BizTalk: Rate-limited service calls
Some services have a rate limiter which requires that you call the service no more than, for example, 20 calls during a 10-second period.
This article describes a way to achieve this non-functional requirement. The core code described here is generic and can be used outside BizTalk.
This article also describes how to use the core code from a BizTalk orchestration.
Scenario
You have to call a service, such as an API service, but there are restrictions on the rate by which you can call the service.
In this example, you may only make 20 calls within a 10-second period. That means, if you have made 20 calls and 10 seconds hasn't passed, and you have to make yet another call, you must wait a short period of time before you can make the 21st call.
Solution
The core solution consists of a class with an ordered list with the timestamps of the latest N requests, where N = 20 in the example above.
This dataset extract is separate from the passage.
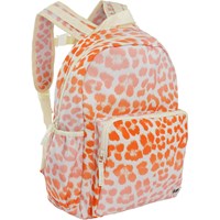 Roomy rucksack in orange and rose coloured striped jaguar print on a cream coloured background. The rucksack is constructed in a recycled polyester. It has an exterior front pocket with a zipper and pockets at both sides for, e.g., a bottle of water. The rucksack has a padded back, a loop, adjustable straps. and an inner pocket. This Molo product is recycled and made from reusable polyester, which is produced from plastic bottles and other waste materials. The production of recycled polyester requires fewer resources and emits less CO2, making Molo’s recycled rucksack the sustainable choice. The rucksack measures 17cm. x 39cm. x 32cm.

The list is sorted on the timestamp. The class takes care of tracking the requests' timestamps and calculating the waiting time until the next request may be made.
Usage
Public constructor
public RequestRateLimiter(int MaxRequestCount, int duringTimespanSeconds)
The constructor takes the number of requests to keep track of, and the timespan in seconds during which these requests shall be tracked.
Public methods
public void Add()
public TimeSpan GetWaitDuration()
There are two public methods: Add() and GetWaitDuration(). They have overloads if you want to supply your own timestamps, see the Discussion section below on UTC timestamps. The overloads can be used in a unit test to make the tests repeatable.
Typical usage
The typical usage pattern is within a loop where you might not know beforehand how many calls you will make, since that information is retrieved from a previous API call or an external source.
Before you can make a call, you must first see if you need to wait before calling the service, and for how long.
That information is returned from the GetWaitDuration() method: It returns the timespan you have to wait, and, if no wait is necessary, it returns TimeSpan.Zero.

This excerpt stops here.